--- Data shown ---

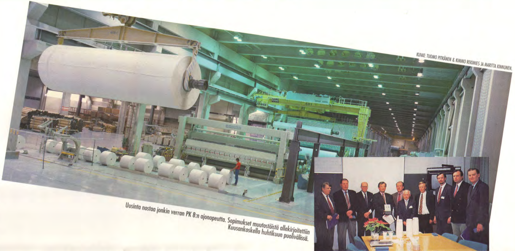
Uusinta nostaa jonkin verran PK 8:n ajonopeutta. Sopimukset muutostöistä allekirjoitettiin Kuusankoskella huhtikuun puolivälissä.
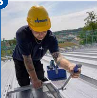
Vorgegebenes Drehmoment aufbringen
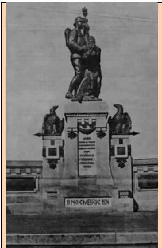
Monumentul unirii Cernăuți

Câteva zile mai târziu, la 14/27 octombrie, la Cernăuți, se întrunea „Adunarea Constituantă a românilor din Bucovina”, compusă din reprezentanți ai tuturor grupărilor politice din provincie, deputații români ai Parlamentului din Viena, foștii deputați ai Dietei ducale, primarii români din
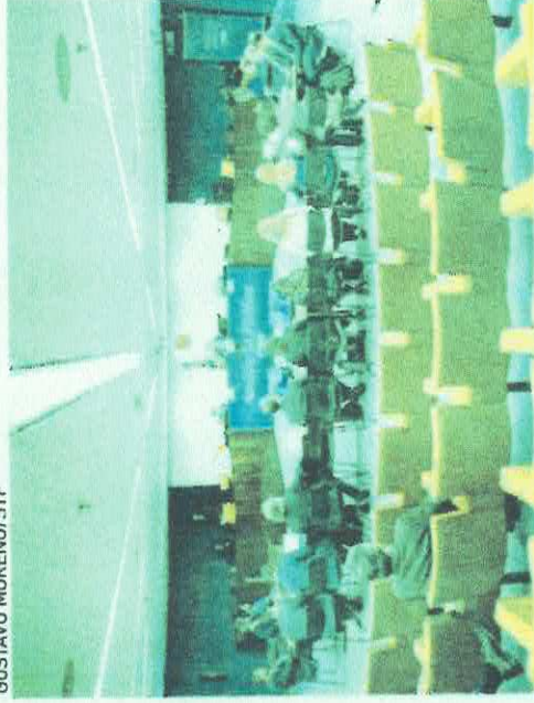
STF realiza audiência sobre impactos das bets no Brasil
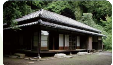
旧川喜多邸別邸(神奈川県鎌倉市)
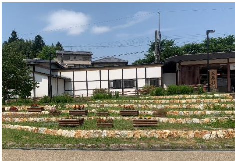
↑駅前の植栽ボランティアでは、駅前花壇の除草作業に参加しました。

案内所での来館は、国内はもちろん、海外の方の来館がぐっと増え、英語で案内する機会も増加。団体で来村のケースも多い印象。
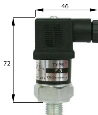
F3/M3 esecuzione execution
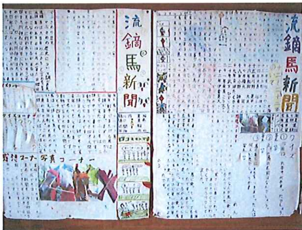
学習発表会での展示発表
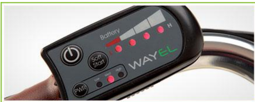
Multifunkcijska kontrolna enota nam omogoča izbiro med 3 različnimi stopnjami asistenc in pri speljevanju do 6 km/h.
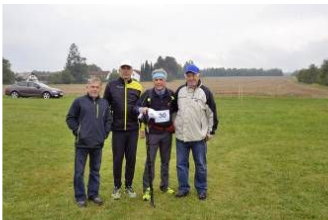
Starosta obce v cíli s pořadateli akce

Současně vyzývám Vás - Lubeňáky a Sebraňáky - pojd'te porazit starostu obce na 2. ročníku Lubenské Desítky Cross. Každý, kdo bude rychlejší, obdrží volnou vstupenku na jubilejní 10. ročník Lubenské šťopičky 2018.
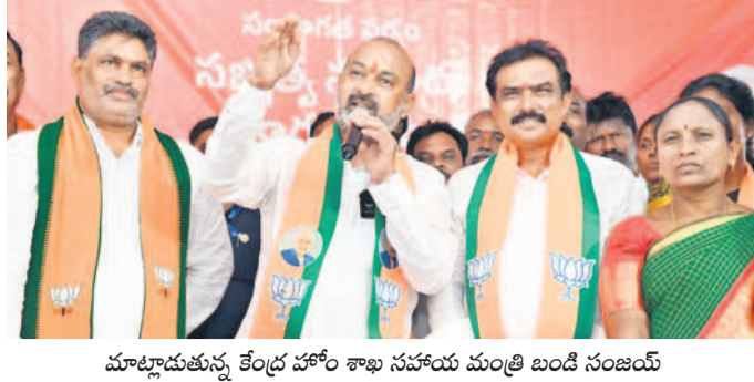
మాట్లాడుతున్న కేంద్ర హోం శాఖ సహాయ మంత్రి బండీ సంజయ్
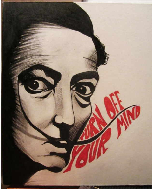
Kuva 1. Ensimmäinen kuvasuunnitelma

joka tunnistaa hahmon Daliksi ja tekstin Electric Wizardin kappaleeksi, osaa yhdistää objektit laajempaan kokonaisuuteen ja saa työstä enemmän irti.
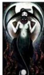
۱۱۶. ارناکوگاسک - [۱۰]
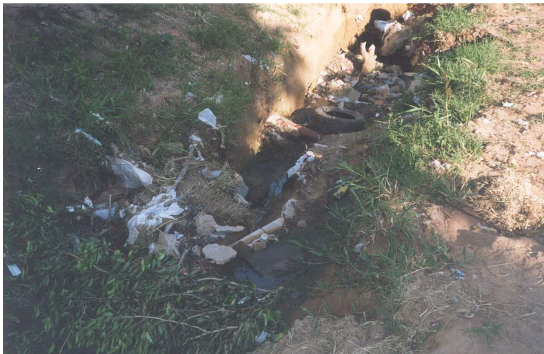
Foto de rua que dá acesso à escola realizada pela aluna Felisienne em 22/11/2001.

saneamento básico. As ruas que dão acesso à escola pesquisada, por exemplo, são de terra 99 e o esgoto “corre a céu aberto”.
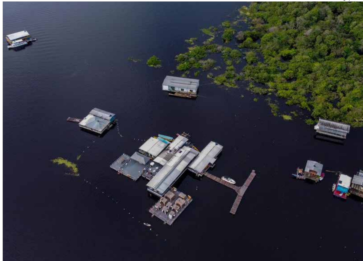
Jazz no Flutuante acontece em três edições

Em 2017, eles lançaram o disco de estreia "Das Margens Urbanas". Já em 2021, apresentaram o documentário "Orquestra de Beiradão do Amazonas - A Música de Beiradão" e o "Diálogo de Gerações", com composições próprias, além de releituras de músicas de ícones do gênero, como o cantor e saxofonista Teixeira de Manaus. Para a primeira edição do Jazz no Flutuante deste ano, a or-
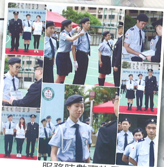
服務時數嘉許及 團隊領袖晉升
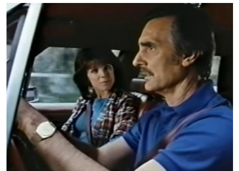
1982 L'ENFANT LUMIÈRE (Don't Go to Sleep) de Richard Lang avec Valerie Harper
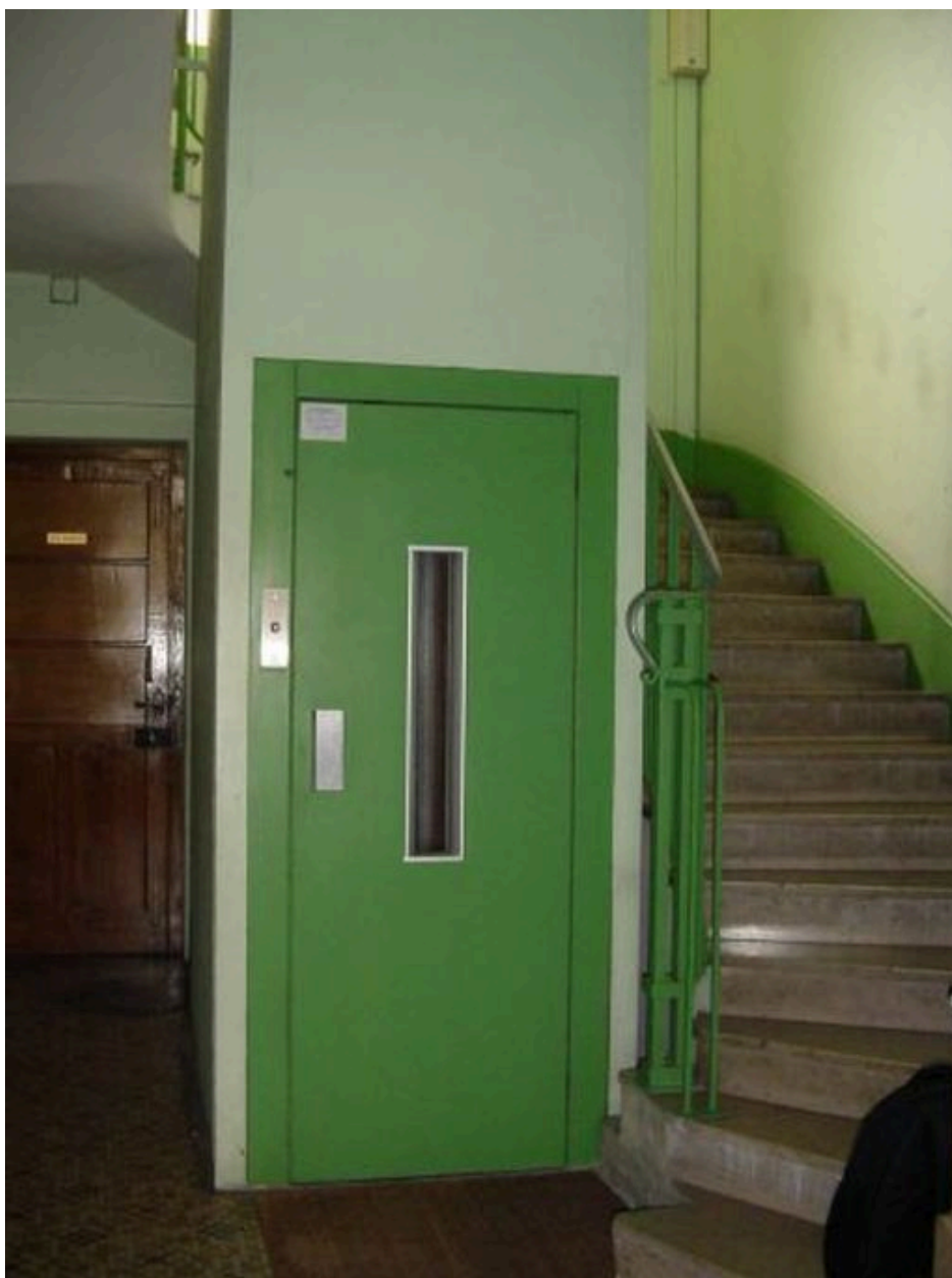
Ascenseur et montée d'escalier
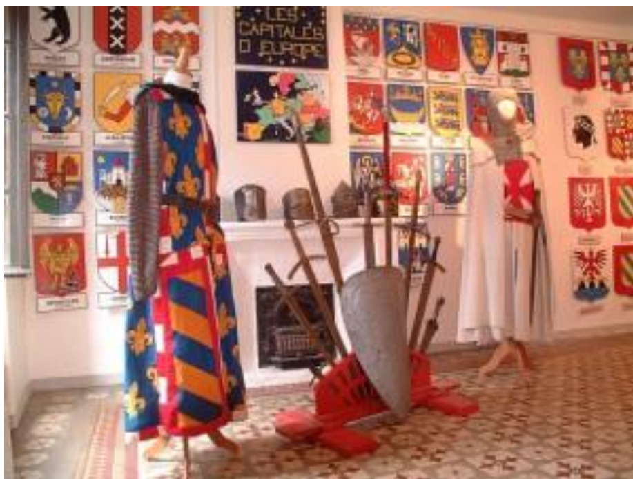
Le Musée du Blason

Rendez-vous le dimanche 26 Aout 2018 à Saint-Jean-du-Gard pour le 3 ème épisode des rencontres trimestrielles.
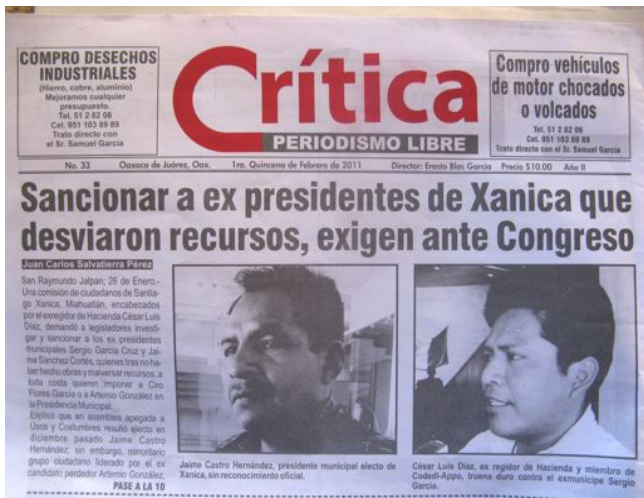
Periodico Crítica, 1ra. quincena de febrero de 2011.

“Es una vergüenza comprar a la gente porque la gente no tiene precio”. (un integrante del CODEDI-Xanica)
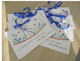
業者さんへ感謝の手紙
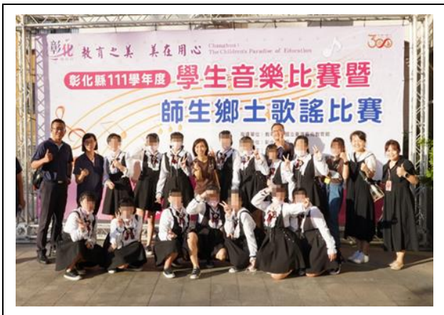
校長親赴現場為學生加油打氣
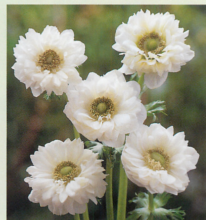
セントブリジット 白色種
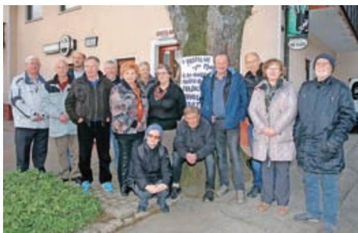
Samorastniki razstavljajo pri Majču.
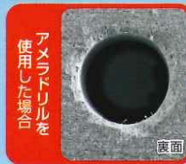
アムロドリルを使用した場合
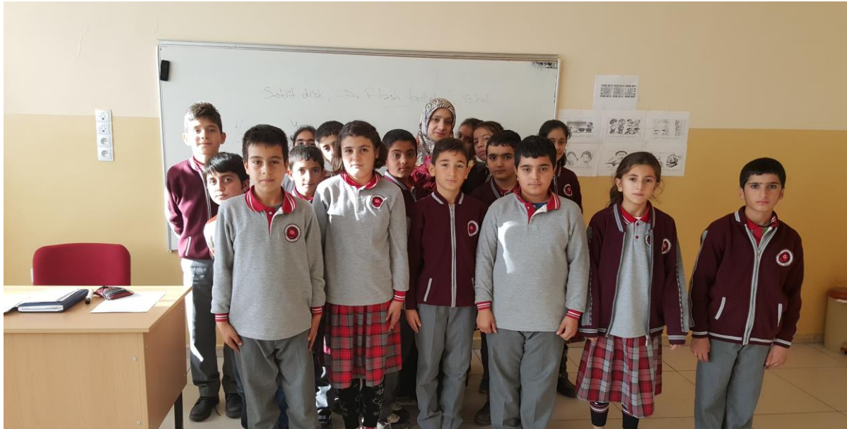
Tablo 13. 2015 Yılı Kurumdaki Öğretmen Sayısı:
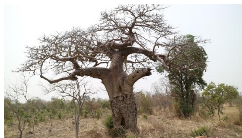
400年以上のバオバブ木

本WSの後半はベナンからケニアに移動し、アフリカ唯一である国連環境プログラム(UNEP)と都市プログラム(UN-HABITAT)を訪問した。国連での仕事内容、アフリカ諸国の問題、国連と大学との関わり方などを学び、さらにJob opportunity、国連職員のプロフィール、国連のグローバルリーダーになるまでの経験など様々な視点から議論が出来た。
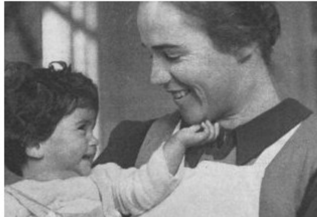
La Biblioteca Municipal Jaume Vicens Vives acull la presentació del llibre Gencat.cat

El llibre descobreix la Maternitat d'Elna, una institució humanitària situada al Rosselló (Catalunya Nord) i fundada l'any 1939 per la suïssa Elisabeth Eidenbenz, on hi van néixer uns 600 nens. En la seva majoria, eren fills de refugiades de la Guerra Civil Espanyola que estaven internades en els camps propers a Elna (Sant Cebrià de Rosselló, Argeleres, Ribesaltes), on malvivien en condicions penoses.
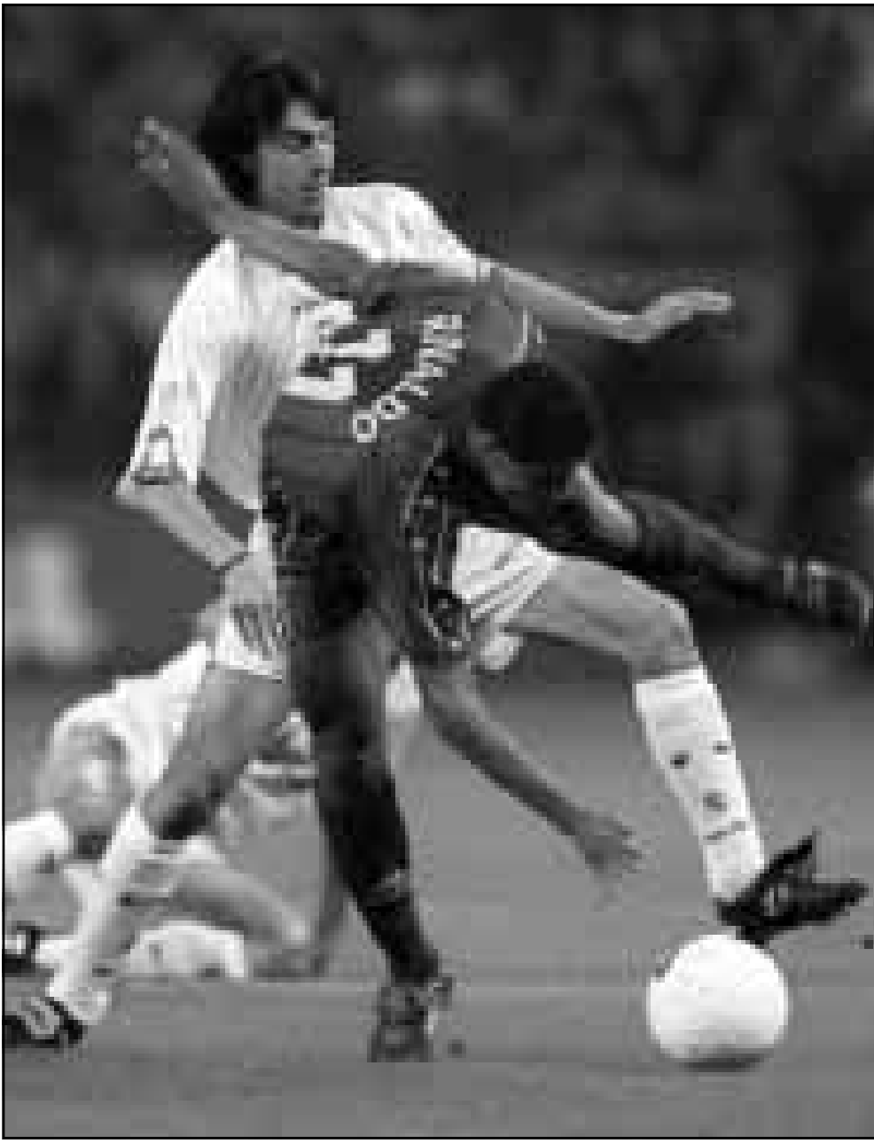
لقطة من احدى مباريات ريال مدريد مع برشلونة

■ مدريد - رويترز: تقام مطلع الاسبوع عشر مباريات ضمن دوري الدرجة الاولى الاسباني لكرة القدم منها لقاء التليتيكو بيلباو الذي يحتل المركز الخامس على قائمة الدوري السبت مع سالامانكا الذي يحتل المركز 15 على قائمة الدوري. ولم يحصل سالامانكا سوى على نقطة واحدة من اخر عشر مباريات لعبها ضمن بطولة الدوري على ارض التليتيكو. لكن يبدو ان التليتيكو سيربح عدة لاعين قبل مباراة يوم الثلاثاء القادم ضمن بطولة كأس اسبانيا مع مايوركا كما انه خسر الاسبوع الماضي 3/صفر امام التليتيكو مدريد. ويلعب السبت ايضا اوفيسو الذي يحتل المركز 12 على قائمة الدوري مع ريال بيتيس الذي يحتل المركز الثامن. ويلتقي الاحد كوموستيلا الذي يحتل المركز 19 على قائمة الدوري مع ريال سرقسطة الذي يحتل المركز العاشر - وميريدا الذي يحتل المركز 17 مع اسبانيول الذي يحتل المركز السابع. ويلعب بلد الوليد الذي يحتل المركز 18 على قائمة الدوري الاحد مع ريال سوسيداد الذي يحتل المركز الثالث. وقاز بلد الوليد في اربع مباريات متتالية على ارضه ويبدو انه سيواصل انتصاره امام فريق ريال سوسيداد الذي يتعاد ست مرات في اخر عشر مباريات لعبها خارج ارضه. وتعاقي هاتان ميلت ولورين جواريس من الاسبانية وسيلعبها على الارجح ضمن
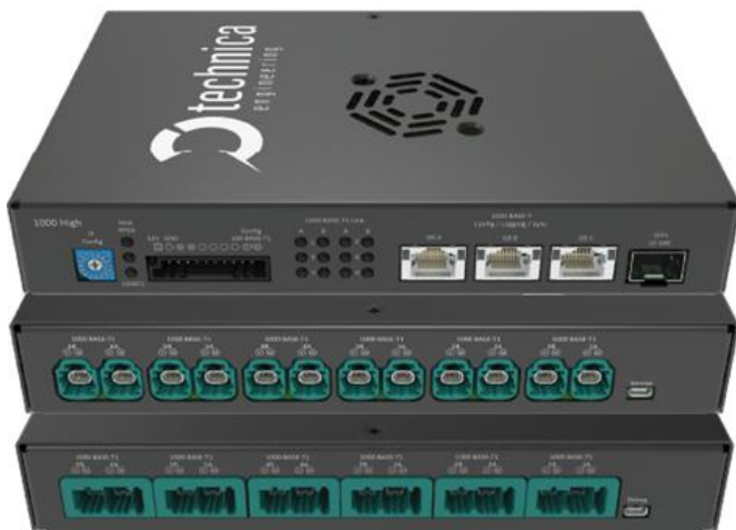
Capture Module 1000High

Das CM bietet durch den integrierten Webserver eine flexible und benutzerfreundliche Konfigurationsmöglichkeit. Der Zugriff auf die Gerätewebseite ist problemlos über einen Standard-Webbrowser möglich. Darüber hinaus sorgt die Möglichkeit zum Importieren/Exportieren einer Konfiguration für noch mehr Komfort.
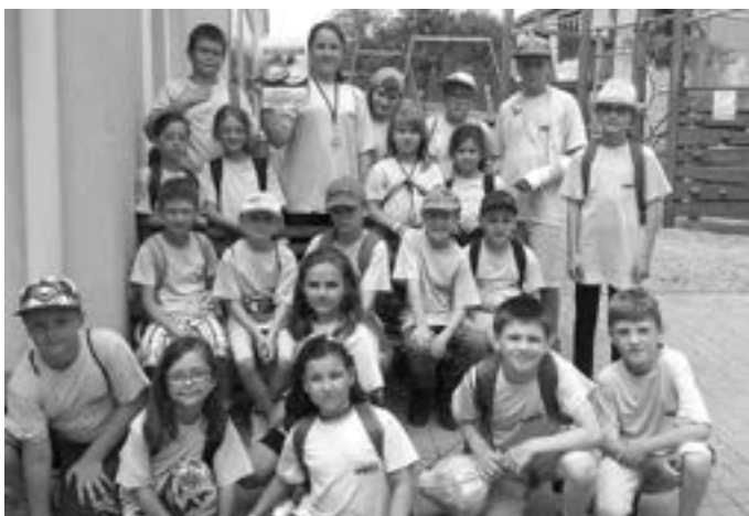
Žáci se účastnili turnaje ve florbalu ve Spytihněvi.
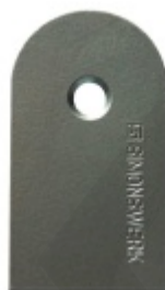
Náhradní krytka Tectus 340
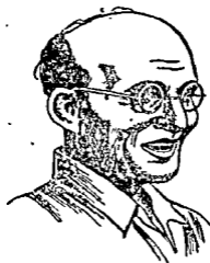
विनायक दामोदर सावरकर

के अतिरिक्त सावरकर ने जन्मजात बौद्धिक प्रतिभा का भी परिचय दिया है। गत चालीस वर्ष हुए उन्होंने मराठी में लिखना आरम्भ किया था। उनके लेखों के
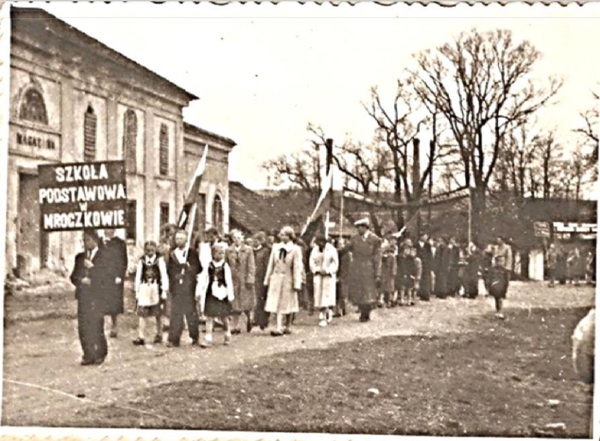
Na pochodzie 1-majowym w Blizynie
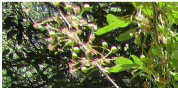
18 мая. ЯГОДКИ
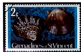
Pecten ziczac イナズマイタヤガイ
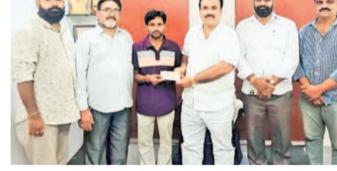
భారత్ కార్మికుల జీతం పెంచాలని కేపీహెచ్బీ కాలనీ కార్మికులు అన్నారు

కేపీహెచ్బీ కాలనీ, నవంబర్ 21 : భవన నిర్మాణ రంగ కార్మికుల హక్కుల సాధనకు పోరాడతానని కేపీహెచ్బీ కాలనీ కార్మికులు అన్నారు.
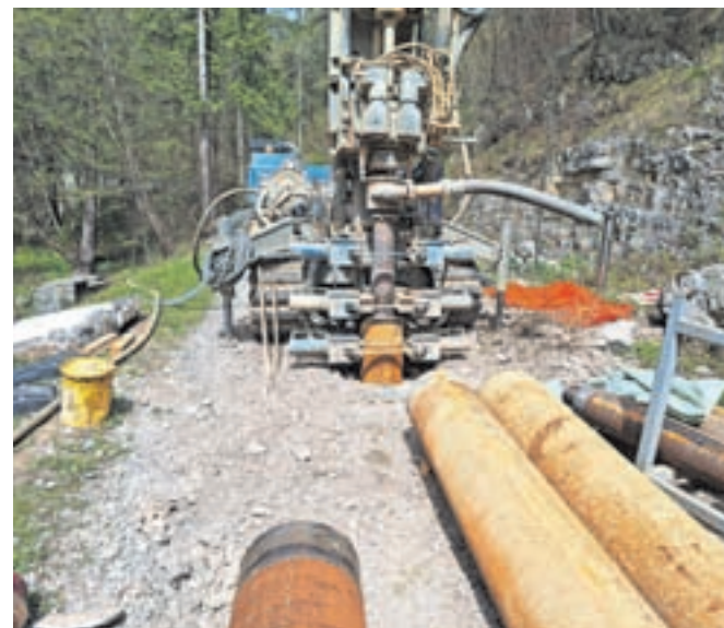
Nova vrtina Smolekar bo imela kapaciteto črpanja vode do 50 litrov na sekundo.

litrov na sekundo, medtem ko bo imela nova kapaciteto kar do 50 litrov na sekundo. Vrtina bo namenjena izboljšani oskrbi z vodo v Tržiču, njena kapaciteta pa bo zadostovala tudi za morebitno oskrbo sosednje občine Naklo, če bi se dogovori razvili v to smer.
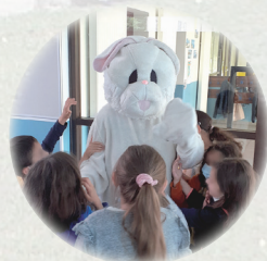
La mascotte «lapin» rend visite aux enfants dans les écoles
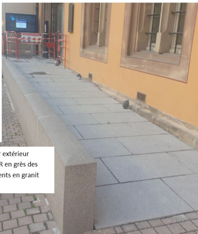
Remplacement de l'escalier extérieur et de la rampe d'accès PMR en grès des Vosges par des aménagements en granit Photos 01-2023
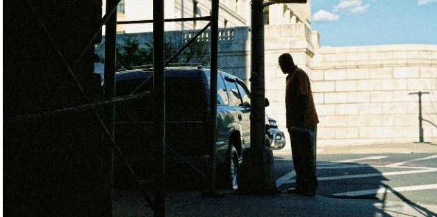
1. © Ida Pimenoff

---

Problem requirements:
Copy each line of the data that contains the word "مدريد".

Task result:
لقطة من احدى مباريات ريال مدريد مع برشلونة
■ مدريد - رويترز: تقام مطلع الاسبوع عشر مباريات ضمن دوري الدرجة الاولى الاسباني لكرة القدم منها لقاء التليتيكو بيلباو الذي يحتل المركز الخامس على قائمة الدوري السبت مع سالامانكا الذي يحتل المركز 15 على قائمة الدوري. ولم يحصل سالامانكا سوى على نقطة واحدة من اخر عشر مباريات لعبها ضمن بطولة الدوري على ارض التليتيكو. لكن يبدو ان التليتيكو سيربح عدة لاعين قبل مباراة يوم الثلاثاء القادم ضمن بطولة كأس اسبانيا مع مايوركا كما انه خسر الاسبوع الماضي 3/صفر امام التليتيكو مدريد. ويلعب السبت ايضا اوفيسو الذي يحتل المركز 12 على قائمة الدوري مع ريال بيتيس الذي يحتل المركز الثامن. ويلتقي الاحد كوموستيلا الذي يحتل المركز 19 على قائمة الدوري مع ريال سرقسطة الذي يحتل المركز العاشر - وميريدا الذي يحتل المركز 17 مع اسبانيول الذي يحتل المركز السابع. ويلعب بلد الوليد الذي يحتل المركز 18 على قائمة الدوري الاحد مع ريال سوسيداد الذي يحتل المركز الثالث. وقاز بلد الوليد في اربع مباريات متتالية على ارضه ويبدو انه سيواصل انتصاره امام فريق ريال سوسيداد الذي يتعاد ست مرات في اخر عشر مباريات لعبها خارج ارضه. وتعاقي هاتان ميلت ولورين جواريس من الاسبانية وسيلعبها على الارجح ضمن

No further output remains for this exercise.